Laghi, stagni, fiumi e paludi coprivano millenni fa, quando la Pianura Padana era un immenso acquitrino inabitabile, gran parte del territorio italiano.

I fiumi scorrevano selvaggi ma sui bordi dei laghi prealpini molte strisce di terreno si prestavano ad una agricoltura rudimentale. Per la comunità che vivevano su quelle zone umide, la pesca era un'attività complementare all'agricoltura; è sui bordi dei laghi che si sviluppa un'economia mista di raccolta e coltivazione. La vita sui territori lacustri era più facile anche perchè le rive erano in gran parte ricoperte dal canneto che oltre ad essere uno strumento difensivo e sicuro si prestava a mille usi: stuoie, coperture per le palafitte, aste per le frecce. Il pesce allora abbondante era facile da catturare in tutte le stagioni, oltre che con le mani, con mezzi rudimentali: arpioni fatti con legni appuntiti, nasse di giunco, reti intrecciate con vegetali. Qui nasce l'attività più antica che l'uomo ha esercitato, la pesca, è qui che i suoi semplici atterrai si trasformano in intelligenti risposte culturali che gli permettano di vivere stabilmente in questo ambiente.
L'uomo inquieto e curioso, si spinge e prosegue verso il fiume, i primi traffici avvengono tramite imbarcazioni scavate in enormi tronchi, il lago diventa l'epicentro di un commercio che parte dal fiume e arriva al mare e nel tempo si arricchisce di nuovi contenuti senza mai dimenticare gli attori principali: i pescatori.
Fino alla rivoluzione delle ferrovie nel secolo scorso, le grandi distanze con merci pesanti potevano essere trasportate solo via acqua; fondamentale strumento di questo movimento è stato "il barcù" del Lago d'Iseo, con la sua tipica velatura quadrata o rettangolare, il grande timone laterale, ideato in questa maniera per sfruttare i due venti principali, che vanno rispettivamente, il vét da Nord verso Sud di notte e l'ora il pomeriggio da Sud verso Nord.
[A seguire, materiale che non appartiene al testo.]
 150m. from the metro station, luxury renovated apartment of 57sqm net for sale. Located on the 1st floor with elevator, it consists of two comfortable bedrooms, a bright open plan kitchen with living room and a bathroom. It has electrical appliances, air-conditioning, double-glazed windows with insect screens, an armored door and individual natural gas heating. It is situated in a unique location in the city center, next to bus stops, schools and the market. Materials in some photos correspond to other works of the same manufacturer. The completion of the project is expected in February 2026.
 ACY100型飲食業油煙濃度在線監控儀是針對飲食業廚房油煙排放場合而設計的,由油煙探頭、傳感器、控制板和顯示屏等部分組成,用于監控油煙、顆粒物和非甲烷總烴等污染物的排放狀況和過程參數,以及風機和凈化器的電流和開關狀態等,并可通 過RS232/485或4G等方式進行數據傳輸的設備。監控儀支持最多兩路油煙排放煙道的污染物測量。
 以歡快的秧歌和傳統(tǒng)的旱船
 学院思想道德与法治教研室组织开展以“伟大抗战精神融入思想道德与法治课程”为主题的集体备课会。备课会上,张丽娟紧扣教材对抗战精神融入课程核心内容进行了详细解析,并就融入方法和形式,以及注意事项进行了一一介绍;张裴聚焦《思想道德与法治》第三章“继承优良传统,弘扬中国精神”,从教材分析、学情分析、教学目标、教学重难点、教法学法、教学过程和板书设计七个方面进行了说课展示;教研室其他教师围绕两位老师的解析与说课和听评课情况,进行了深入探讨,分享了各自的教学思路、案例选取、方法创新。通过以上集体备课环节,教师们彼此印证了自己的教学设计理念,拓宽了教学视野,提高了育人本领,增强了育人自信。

Questa grande barca, come per quella più piccola da pesca, il naèt, sono ideati con una tecnica di costruzione marittima.
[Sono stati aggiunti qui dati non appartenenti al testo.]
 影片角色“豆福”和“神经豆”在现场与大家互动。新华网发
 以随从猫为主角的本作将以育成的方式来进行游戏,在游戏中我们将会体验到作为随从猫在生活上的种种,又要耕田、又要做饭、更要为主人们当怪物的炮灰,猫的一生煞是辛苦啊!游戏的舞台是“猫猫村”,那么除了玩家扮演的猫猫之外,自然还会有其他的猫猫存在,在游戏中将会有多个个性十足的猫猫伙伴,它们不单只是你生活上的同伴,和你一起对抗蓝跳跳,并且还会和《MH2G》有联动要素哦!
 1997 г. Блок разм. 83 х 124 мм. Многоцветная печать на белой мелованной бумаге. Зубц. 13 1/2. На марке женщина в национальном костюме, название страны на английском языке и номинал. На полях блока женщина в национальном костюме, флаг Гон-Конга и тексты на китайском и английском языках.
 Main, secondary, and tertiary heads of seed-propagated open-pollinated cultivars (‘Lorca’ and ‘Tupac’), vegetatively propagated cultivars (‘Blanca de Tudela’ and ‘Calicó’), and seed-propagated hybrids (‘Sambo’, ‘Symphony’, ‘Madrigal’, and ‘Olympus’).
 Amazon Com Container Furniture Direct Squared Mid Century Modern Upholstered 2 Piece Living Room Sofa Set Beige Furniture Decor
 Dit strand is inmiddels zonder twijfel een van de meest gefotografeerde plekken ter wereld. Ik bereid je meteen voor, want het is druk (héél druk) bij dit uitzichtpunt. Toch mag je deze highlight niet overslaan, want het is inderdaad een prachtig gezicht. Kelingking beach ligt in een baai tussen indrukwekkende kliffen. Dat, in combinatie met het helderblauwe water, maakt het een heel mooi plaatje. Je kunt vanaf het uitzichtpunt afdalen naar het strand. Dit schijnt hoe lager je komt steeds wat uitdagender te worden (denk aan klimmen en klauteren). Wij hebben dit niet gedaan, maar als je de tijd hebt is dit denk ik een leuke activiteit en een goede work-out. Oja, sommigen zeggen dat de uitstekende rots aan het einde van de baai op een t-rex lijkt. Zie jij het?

Diversamente da molte imbarcazioni dei laghi interni che sono uno sviluppo concettuale della zattera a cui vengono applicate le sponde laterali, il barcù, e il naèt si costruiscono a partire dal bordo superiore piegando i legni con tecniche sapienti e applicandovi poi il fondale piatto. Un'idea costruttiva complessa che arrivava da molto lontano. Gli studiosi del settore fanno risalire all'alto medioevo questo modo di costruire delle barche; mentre la vela quadrata in particolar modo annodata allo stile dei pescatori e barcaioli sebini, si ritrovava nelle miniature di epoca carolingia e gotica. Il timone laterale era in uso nelle acque interne nordiche nel XII secolo.
Una storia molto antica quindi quella del lungo e affusolato naèt che offriva al pescatore la possibilità di compiere lunghe distanze e di essere in continuo movimento sull'acqua molto profonda per raggiungere spazi di pesca lontani dalla propria zona.
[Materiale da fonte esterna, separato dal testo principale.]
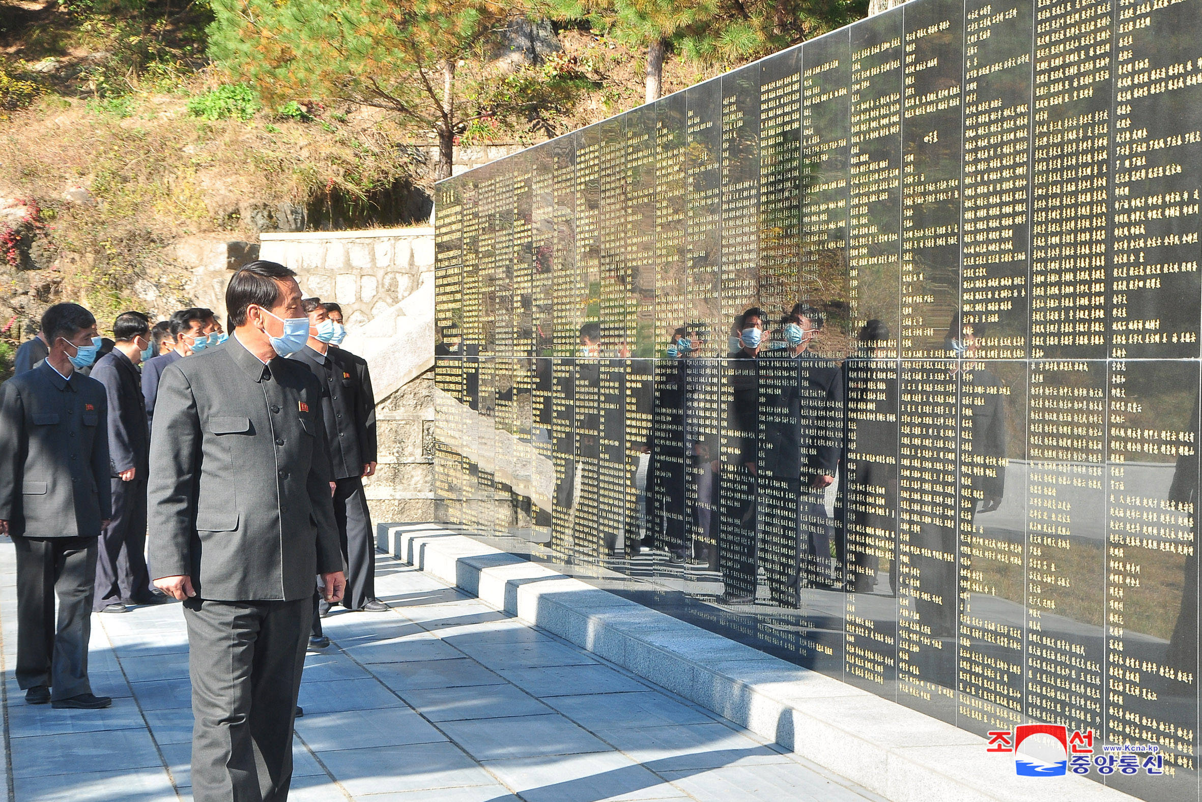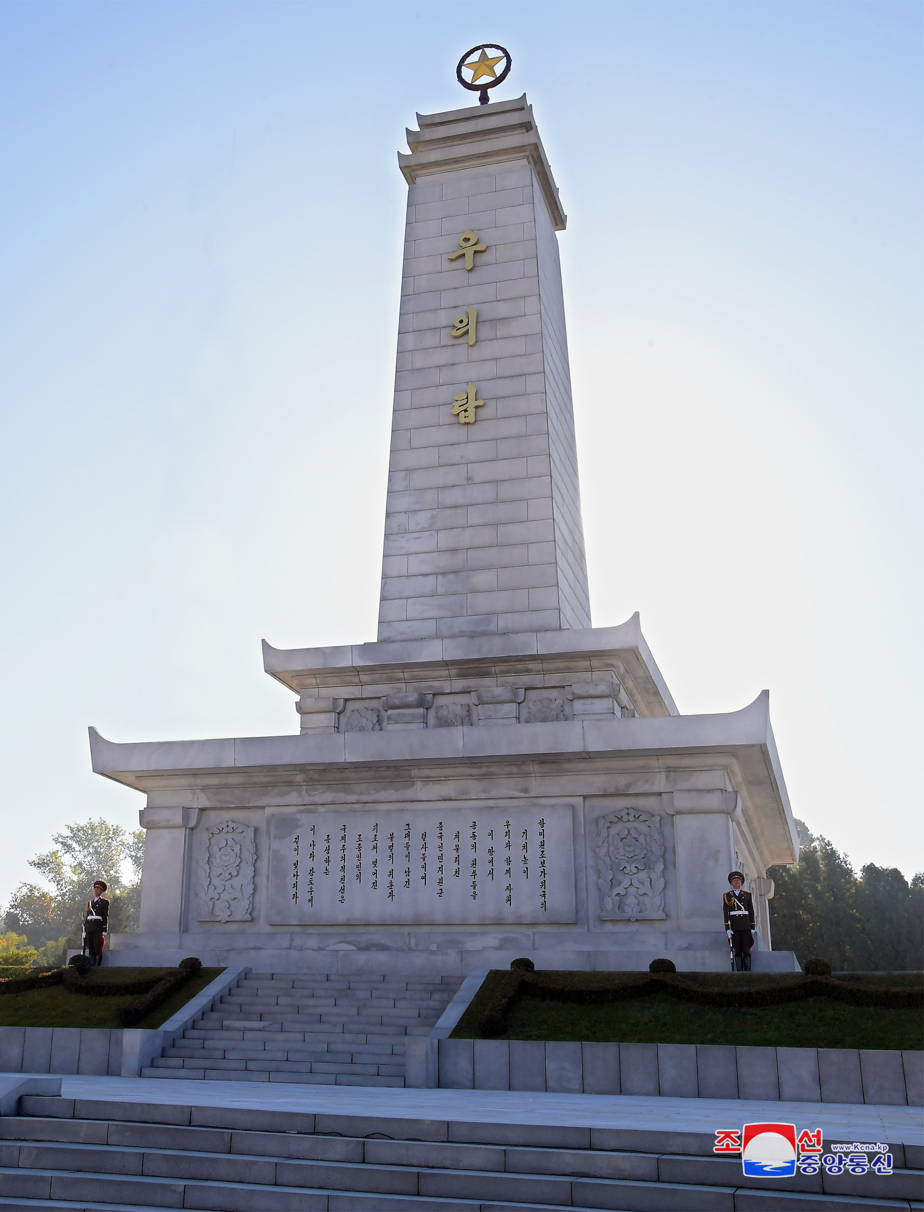 조선인민군 명예위병들이 우의탑에 서있었다.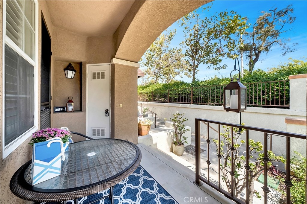 Welcome Home to this Beautiful and Pristine Home! It has been newly painted and upgraded just for you. Located in the highly sought after and well maintained community of Corte Melina. This well appointed end unit has all the main living space on one level. It has a cozy covered front porch, 1 car attached garage, balcony off the master bedroom, fireplace, interior full size laundry, high ceilings, open floor plan with ample windows for natural light all year round, resort style community pool, spa, gym and designated dog area. Located in the heart of Rancho Santa Margarita. You are within walking distance to shopping, restaurants, parks and trails and much more. Rancho Santa Margarita residents enjoy RSM Lake, community parks, playgrounds, and community events throughout the year. This is a must see. The location cannot be beat. This home is move-in ready and waiting for you!!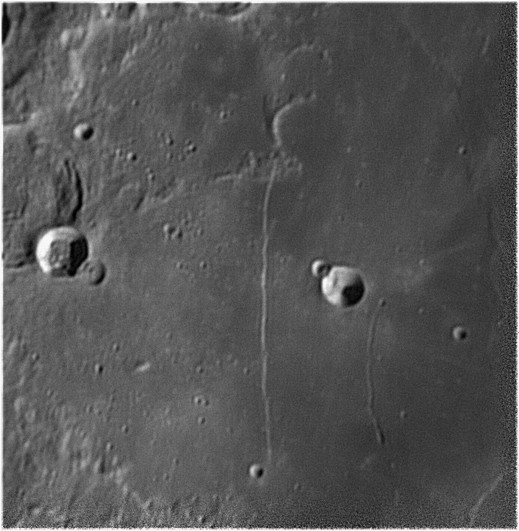 Particolare lunare, Rupe Recta tra i crateri Birt e Thebit. Un dirupo 110 Km di lunghezza per 300 mt di altezza.

Il naèt, può essere definito il ritratto del nostro microambiente, la fine risposta adattiva di tutte le genti del lago, tanto ingegnoso da essere esposto a Londra nel museo della navigazione.
Nell'evoluzione del pescatore che ha trasformato il lago in uno spazio domestico, ogni giorno si aggiungeva una piccola e ingegnosa scoperta. Astuzie e fatiche prima nell'ambiente più facile del canneto dove pescare con fiocine e semplici nasse sempre più perfezionate, poi la rete, una straordinaria invenzione degli albori della nostra avventura lacustre, una sottile astuzia del pescatore che gli avrebbe garantito la sopravvivenza.

Sensole 1920


Il legame della rete con la pesca diventa indissolubile quando il pescatore abbandona l'amo e si appropria di questo strumento che diventerà cultura del lago, raggiungendo livelli sempre più alti. La quantità e la qualità del pesce pescato dipenderanno essenzialmente dal tipo di reti, sempre più complesse, fatte prima di cotone, canapa, lino, seta, poi la rivoluzione delle fibre sintetiche.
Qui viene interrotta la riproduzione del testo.